Even the great Anna Quindlen – my long-time professional and personal hero, who famously wrote, “The life span of women in our society is divided into three stages: pre-Babe, Babe and post-Babe” – has admitted to using Botox (like it’s a narcotic or something).

Another pal and I were talking not long ago about Botox and how she was told by a friend that she better start including the procedure in her maintenance schedule or she was going to look like shit compared to everyone else.

“Why can’t we all just agree not to go there?” she moaned.

But, as Zellweger has proven, things are going in the opposite direction. Botox is just the gateway procedure leading to the harder treatments like lasers, fillers, eye and neck lifts.

Why can’t we all just channel Meryl Streep, who called our push for actresses to stay young “Victoria’s Secret Syndrome” in a 2008 Good Housekeeping article?

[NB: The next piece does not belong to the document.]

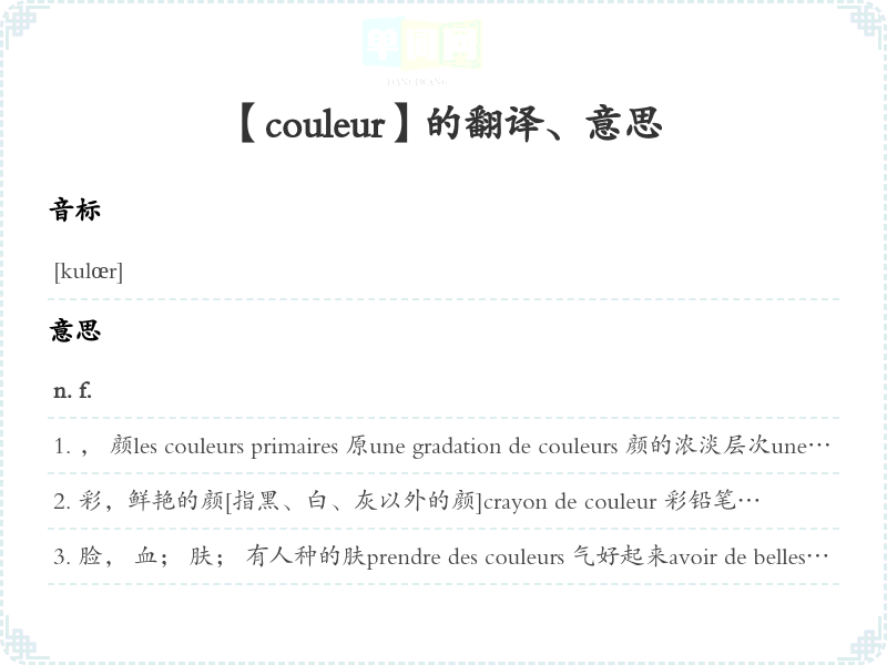 【couleur】 联想:、 近义词:、 反义词: 联想词
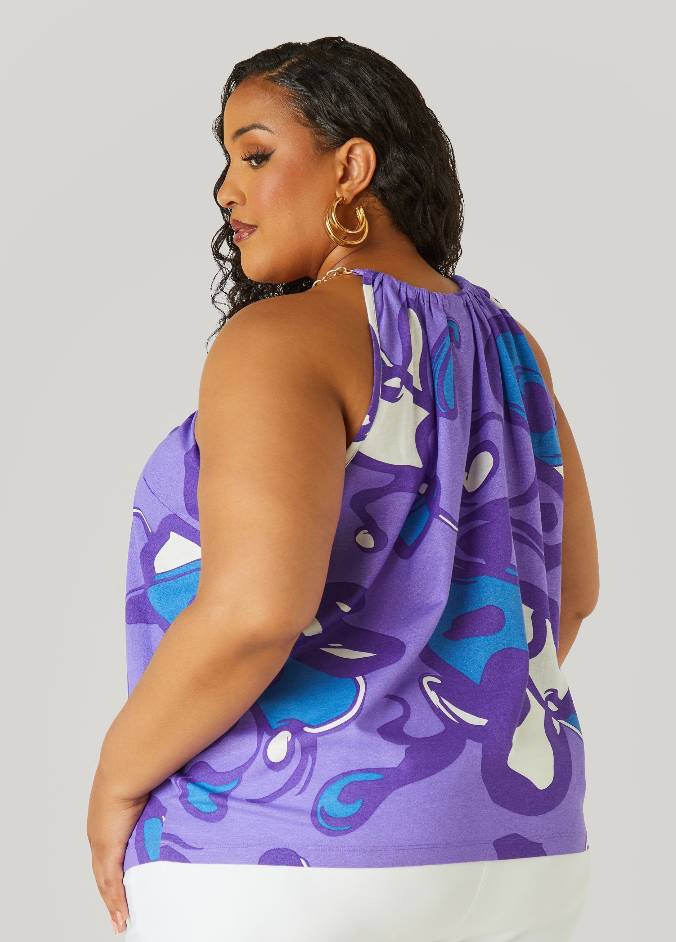 Catch all the sunny vibes in this printed poplin top with chain shoulder straps. Light, breezy and just the right amount of sparkle to keep your summer style shining bright. Perfect for days that dance between casual and chic.

“I just don’t get it. You have to embrace getting older,” said the now-65-year-old actress. “Life is precious, and when you’ve lost a lot of people, you realize each day is a gift.”

Society tells us that we’re nothing if we’re not babes and I can tell you, at 48 and wallowing in the final days of my own babedom (or maybe the beginning of the decay), it’s fucking scary. It’s not only how we’re defined but, for many of us, how we define ourselves.

So I get why Renee Zellweger felt the need to do whatever it was she did to herself. I like to think that I’ll let my looks go softly into the night, but who knows? Maybe I’ll be led astray and succumb to the shiny promises of Juvaderm and blepharoplasty.

At least I won’t have Mario Lopez talking about me on TV if I do.